# [Available records]
* * *

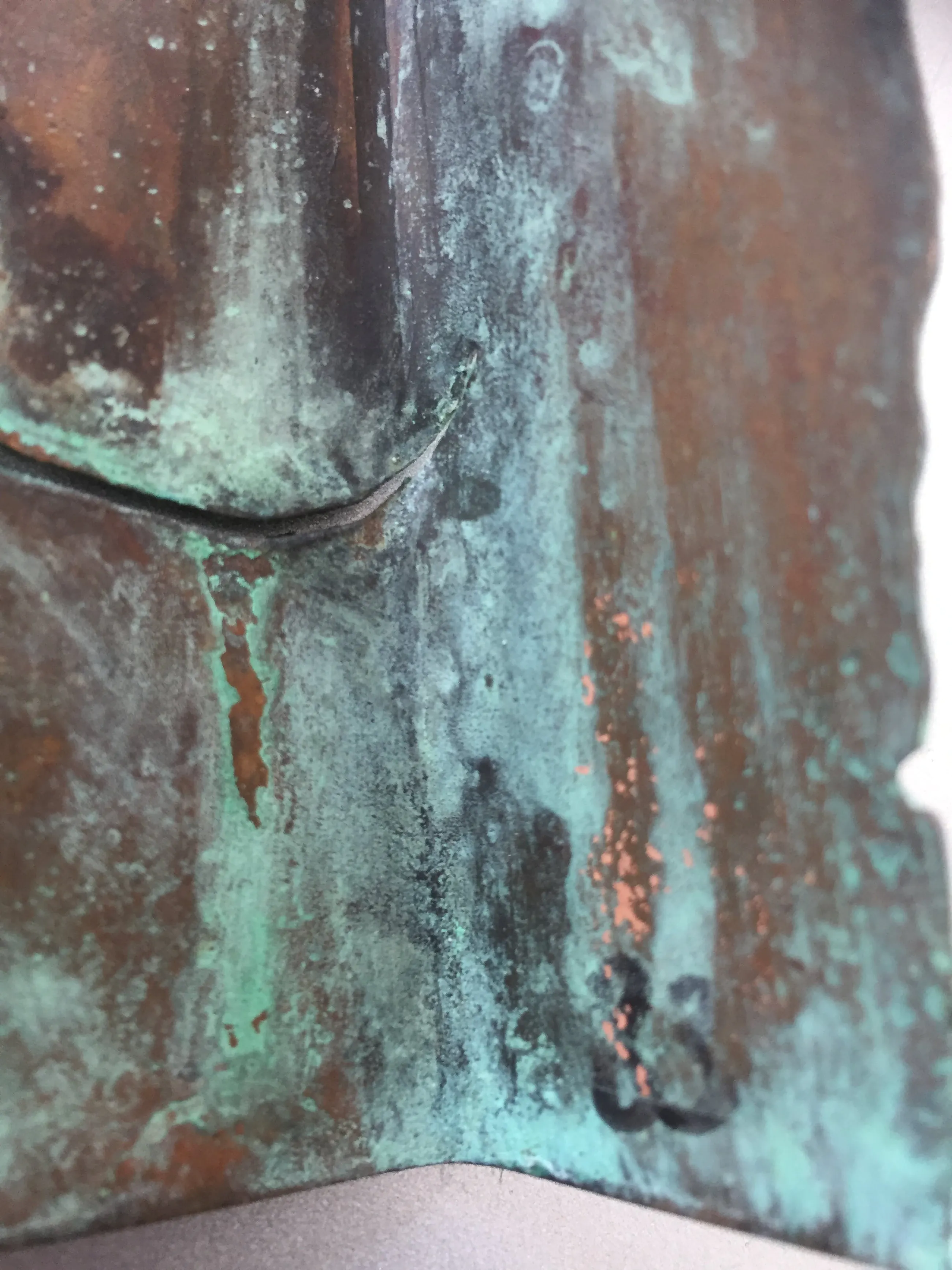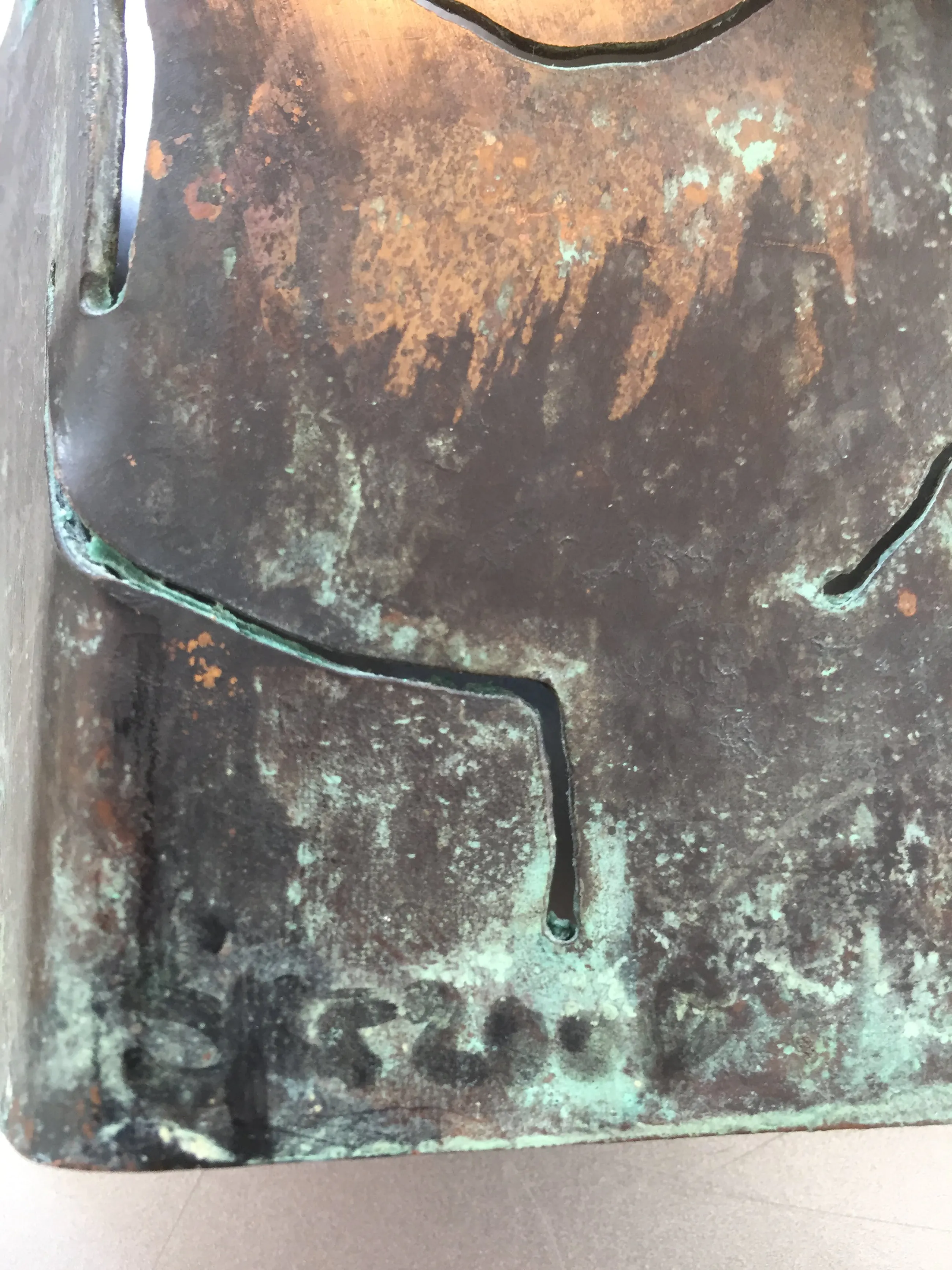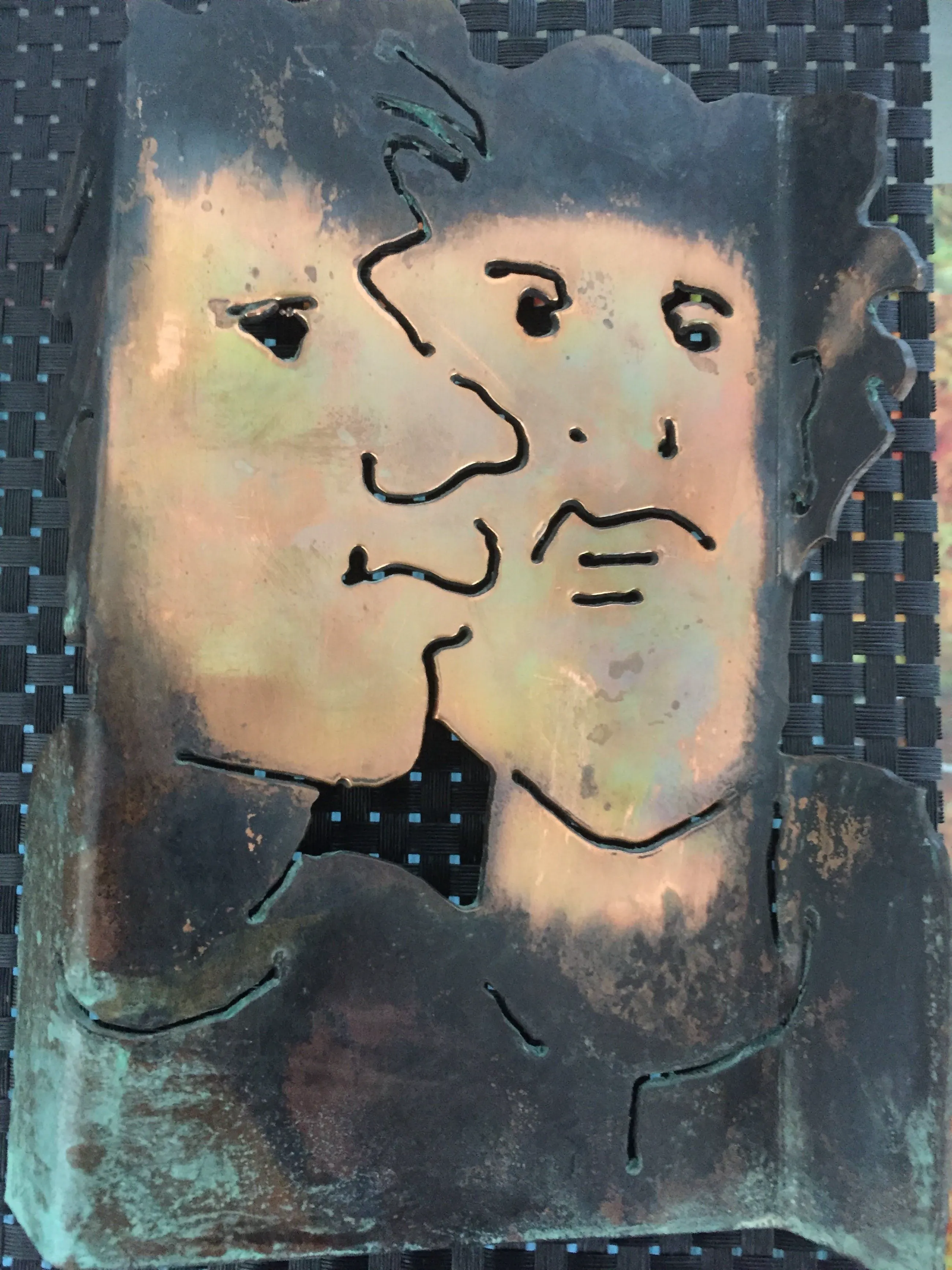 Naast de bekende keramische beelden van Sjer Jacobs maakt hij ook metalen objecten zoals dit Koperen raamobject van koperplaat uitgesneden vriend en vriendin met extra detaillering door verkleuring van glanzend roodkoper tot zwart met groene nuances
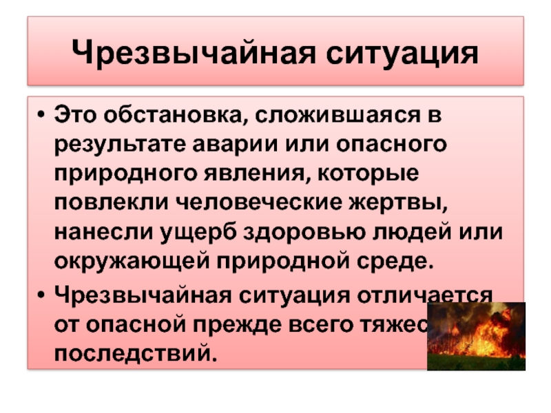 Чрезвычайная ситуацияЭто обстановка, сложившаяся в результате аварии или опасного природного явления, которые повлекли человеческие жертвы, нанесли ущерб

* * *

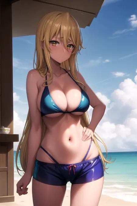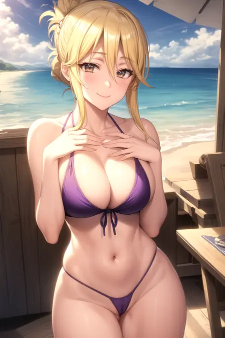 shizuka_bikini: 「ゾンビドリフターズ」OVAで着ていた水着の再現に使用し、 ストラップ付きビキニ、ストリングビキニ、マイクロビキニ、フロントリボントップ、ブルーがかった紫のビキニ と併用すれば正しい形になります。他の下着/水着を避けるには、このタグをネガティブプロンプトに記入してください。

* * *

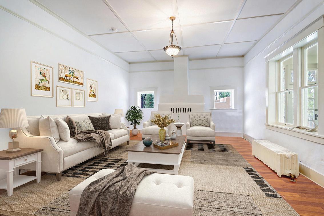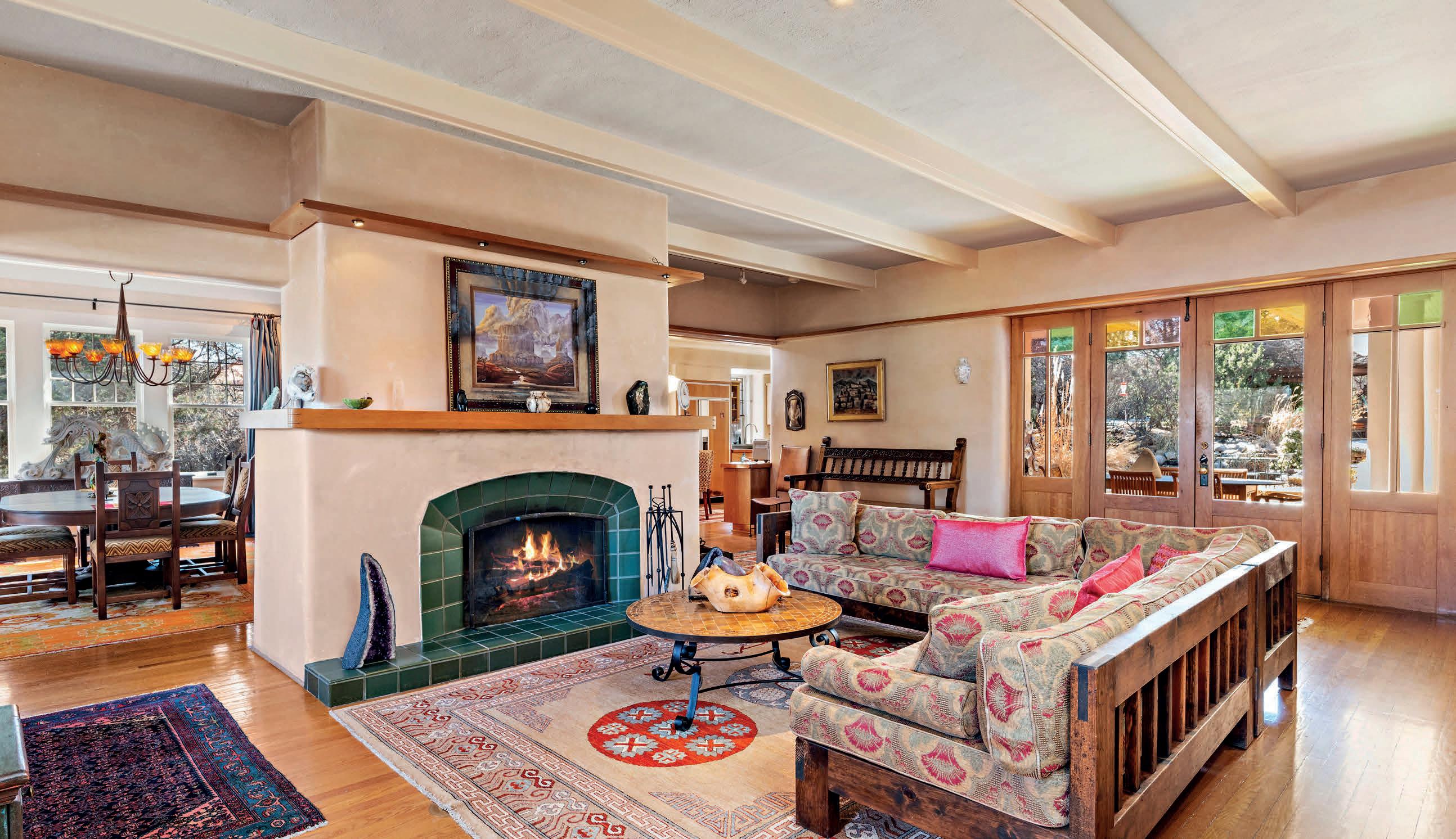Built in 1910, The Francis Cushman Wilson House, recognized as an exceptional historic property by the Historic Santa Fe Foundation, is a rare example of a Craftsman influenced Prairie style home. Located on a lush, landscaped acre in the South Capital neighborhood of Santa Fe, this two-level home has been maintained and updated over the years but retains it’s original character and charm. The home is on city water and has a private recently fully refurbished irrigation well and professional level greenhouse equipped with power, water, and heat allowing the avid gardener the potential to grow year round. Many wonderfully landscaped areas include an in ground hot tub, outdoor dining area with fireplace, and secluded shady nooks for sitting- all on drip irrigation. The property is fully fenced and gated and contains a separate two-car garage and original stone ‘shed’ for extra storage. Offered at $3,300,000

* * *

From the listing above, repeat only the lines between the line containing "Naast de bekende" and the line containing "Чрезвычайная ситуацияЭто обстановка, сложившаяся", those two included. Pictures are not part of the copy.

# [Response to this task]
 Naast de bekende keramische beelden van Sjer Jacobs maakt hij ook metalen objecten zoals dit Koperen raamobject van koperplaat uitgesneden vriend en vriendin met extra detaillering door verkleuring van glanzend roodkoper tot zwart met groene nuances
 Чрезвычайная ситуацияЭто обстановка, сложившаяся в результате аварии или опасного природного явления, которые повлекли человеческие жертвы, нанесли ущерб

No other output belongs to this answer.